# Work to complete:
Your task is to copy every line of the entries that holds the word "Size".

# Excerpted data:
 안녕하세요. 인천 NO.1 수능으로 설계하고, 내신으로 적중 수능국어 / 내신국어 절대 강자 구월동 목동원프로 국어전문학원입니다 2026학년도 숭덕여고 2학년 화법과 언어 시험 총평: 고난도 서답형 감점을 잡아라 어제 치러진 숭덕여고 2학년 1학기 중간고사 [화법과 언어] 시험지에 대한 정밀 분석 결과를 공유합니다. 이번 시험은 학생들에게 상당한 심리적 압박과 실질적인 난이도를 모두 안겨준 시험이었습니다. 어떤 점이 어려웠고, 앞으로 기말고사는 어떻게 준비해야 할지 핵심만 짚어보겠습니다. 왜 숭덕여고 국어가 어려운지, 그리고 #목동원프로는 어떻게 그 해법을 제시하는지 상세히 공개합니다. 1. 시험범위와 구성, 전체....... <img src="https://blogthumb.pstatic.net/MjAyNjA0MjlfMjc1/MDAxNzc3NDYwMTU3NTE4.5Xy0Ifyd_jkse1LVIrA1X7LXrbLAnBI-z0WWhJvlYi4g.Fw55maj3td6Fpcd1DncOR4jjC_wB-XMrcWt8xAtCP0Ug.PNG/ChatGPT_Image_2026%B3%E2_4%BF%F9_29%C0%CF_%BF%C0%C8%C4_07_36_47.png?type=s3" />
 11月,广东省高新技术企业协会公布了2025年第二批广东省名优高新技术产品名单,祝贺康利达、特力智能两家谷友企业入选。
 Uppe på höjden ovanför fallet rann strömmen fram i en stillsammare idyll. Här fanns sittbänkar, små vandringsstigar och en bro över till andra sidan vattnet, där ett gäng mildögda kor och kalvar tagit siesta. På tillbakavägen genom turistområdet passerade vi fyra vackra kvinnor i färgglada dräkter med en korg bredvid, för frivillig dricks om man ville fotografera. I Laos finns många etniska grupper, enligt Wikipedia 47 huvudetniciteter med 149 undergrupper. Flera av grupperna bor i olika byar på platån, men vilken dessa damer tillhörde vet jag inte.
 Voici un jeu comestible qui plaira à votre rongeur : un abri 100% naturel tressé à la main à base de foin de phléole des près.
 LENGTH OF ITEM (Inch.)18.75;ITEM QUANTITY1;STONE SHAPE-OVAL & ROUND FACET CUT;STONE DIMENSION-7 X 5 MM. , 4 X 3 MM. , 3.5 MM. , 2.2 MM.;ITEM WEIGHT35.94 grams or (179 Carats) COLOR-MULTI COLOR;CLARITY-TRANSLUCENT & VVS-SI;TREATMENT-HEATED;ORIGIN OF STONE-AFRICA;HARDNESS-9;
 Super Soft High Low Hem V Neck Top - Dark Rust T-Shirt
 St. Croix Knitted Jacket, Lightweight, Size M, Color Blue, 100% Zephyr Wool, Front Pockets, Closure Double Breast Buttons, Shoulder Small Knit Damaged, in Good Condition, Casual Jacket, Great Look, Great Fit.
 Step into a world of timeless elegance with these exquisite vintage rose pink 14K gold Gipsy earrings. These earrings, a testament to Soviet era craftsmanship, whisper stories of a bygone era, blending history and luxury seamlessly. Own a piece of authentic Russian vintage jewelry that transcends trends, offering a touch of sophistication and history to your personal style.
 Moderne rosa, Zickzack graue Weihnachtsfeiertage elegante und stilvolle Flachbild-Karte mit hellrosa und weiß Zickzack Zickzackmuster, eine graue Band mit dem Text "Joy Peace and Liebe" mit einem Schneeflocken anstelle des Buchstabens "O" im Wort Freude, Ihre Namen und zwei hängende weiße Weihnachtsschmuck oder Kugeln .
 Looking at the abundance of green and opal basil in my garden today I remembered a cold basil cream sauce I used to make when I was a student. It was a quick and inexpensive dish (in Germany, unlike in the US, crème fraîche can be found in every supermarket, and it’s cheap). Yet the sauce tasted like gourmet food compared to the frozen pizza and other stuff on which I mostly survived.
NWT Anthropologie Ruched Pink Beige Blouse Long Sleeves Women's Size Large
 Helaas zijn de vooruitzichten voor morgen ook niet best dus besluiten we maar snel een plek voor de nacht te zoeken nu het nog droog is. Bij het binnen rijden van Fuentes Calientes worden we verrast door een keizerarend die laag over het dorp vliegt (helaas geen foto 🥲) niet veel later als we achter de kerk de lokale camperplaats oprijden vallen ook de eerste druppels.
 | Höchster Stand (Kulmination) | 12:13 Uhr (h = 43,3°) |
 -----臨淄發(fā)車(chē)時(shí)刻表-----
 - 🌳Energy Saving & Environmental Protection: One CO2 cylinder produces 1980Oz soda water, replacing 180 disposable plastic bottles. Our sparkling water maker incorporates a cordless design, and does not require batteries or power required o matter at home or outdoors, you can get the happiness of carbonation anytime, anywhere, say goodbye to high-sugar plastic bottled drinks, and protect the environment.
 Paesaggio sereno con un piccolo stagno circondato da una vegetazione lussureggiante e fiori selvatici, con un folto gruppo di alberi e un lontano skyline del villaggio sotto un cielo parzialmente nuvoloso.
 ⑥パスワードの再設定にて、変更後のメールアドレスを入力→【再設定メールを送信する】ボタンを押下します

# Written answer:
 St. Croix Knitted Jacket, Lightweight, Size M, Color Blue, 100% Zephyr Wool, Front Pockets, Closure Double Breast Buttons, Shoulder Small Knit Damaged, in Good Condition, Casual Jacket, Great Look, Great Fit.
NWT Anthropologie Ruched Pink Beige Blouse Long Sleeves Women's Size Large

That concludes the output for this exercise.